BED MORPHOLOGY OF BERING GLACIER, ALASKA


MOLNIA, Bruce F., U.S. Geological Survey, National Civil Applicatons Center, 562 National Center, 12201 Sunrise Valley Drive, Reston, VA 20192 and SNYDER, Laura E., U.S. Geological Survey (USGS), 562 National Center, Reston, VA 20192

Alaska’s Bering Glacier is the largest and longest glacier in continental North America. Previously, we used GIS to analyze and integrate USGS reflection and refraction seismic data, ice-surface ice-penetrating radar (IPR) data, and NASA Warm Ice Sounding Explorer (WISE) airborne radar data to map the depths and morphology of the complex subglacial fiord system that underlies a 75-km-long segment of Bering’s eastern piedmont lobe. The data synthesis revealed that a complex subglacial fiord system, in places as much as 380 m below sea level, reaches more than 65 km up-glacier from Bering’s Little Ice Age end moraine complex. The WISE radar data that were used were collected in 2008. WISE, a 2.5 MHz radar that measures the nadir thickness of warm, fractured glacier ice, is based on the MARSIS planetary sounder. The WISE data both confirmed and expanded our initial interpretation of the fiord system’s characteristics that was largely based on IPR data collected more than 15 years earlier.

This investigation used additional 2008 WISE data and a new 2012 WISE dataset to extend the mapping of Bering Glacier’s bed to include the entire eastern part of the glacier. This additional ~100 km length of the glacier extends from the Bering Glacier/Malaspina Glacier divide in Canada to the western end of the Bagley Ice Valley.
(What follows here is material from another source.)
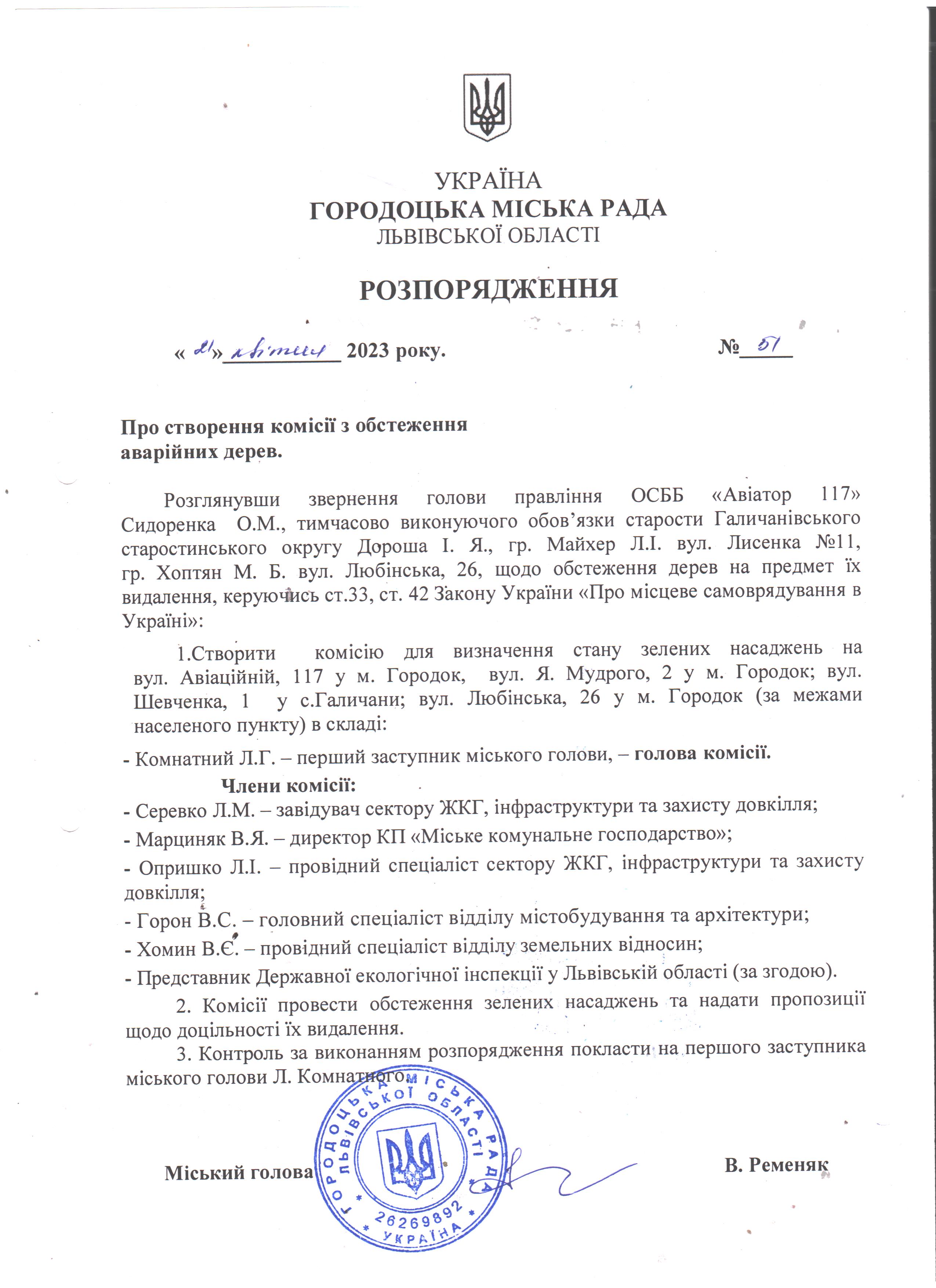 Розпорядження міського голови №51 від 21 квітня 2023 року "Про створення комісії з обстеження аварійних дерев" Файл: 51.jpeg

In all, ~718 km of radar profile lines were produced and analyzed. About 138 km of profiles were along the centerline of the glacier, while the remaining ~580 km were located in 60 cross profiles, perpendicular or oblique to the centerline. Data holidays account for ~14% of total profile line lengths.

Generally, centerline bed elevations in easternmost Bering Glacier are in the ~1,300-1,600 m above sea level (asl) range. At the western end of the Bagley Ice Valley, centerline bed elevations are in the ~100-300 m asl range. One area, ~95 km up glacier, has a bed elevation of <100 m asl. Ten kilometers to the east, the bed rises to ~600 m asl, and it remains close to that elevation for ~15 km. It continues to rise to Bering Glacier’s origin with only a few 100 m of variability. Bed complexity in the Bagley Ice Valley area is low compared to the piedmont lobe area where several deeply eroded channels create 300-400 m of local relief. Centerline ice thicknesses observed range from <200 m near the terminus to >1.1 km in the western Bagley Ice Valley.